## [TASK DESCRIPTION]
Scan the records below for the line with "甘い香りに誘われて🐝🐝 今年もココスヤシの実が熟しました〜 根元には、昨年の種がチラホラ発芽🌱" and the line with "When you open". Repeat those two lines and every line between them exactly, and nothing else.

## [RECORDS PROVIDED]
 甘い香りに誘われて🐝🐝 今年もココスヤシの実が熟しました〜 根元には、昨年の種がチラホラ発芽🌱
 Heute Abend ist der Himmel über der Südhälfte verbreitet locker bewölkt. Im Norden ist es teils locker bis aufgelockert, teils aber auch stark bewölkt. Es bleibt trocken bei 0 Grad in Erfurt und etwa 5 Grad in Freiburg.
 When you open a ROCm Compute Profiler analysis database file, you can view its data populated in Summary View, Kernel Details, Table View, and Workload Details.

--

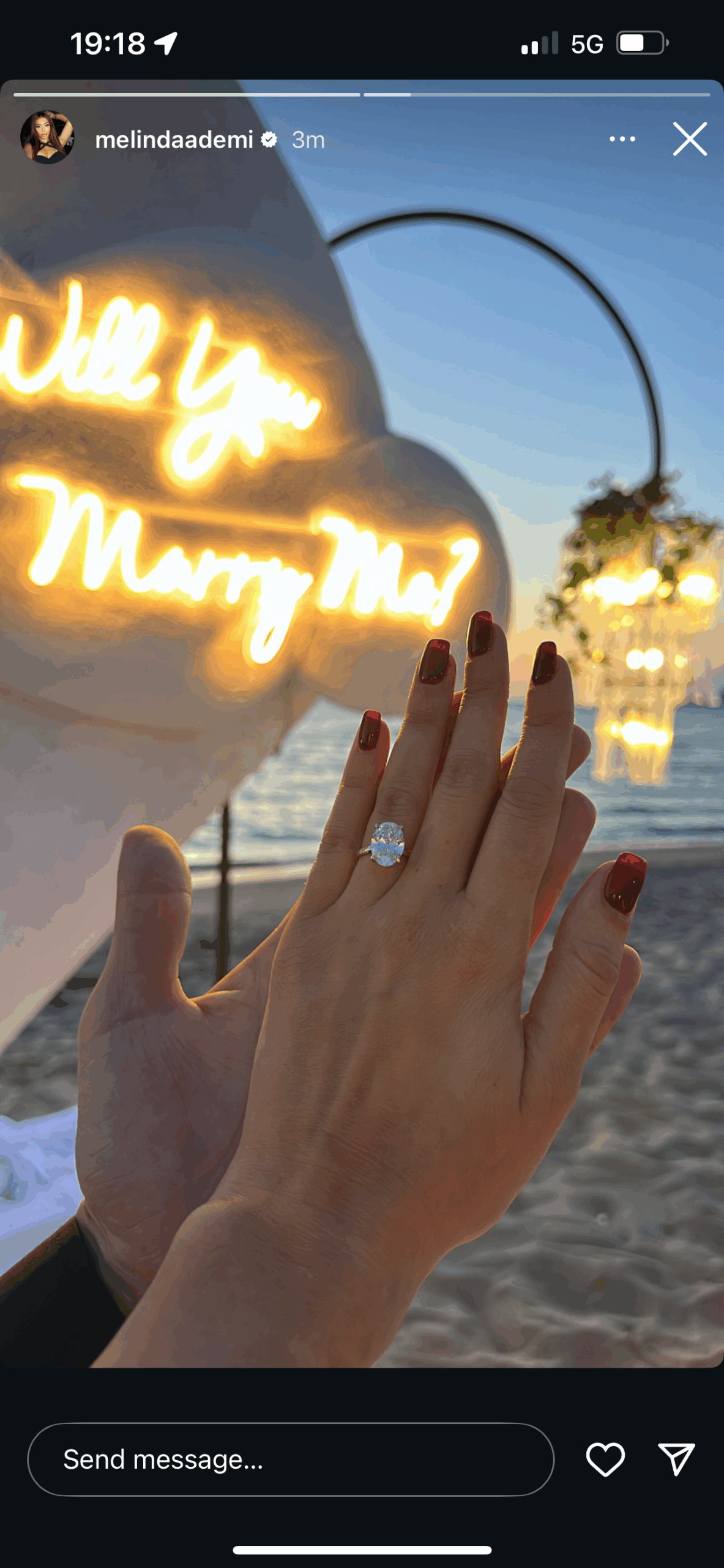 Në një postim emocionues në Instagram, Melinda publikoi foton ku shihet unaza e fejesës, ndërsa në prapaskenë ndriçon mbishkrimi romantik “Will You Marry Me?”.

## [SOLUTION FOR THIS PROBLEM]
 甘い香りに誘われて🐝🐝 今年もココスヤシの実が熟しました〜 根元には、昨年の種がチラホラ発芽🌱
 Heute Abend ist der Himmel über der Südhälfte verbreitet locker bewölkt. Im Norden ist es teils locker bis aufgelockert, teils aber auch stark bewölkt. Es bleibt trocken bei 0 Grad in Erfurt und etwa 5 Grad in Freiburg.
 When you open a ROCm Compute Profiler analysis database file, you can view its data populated in Summary View, Kernel Details, Table View, and Workload Details.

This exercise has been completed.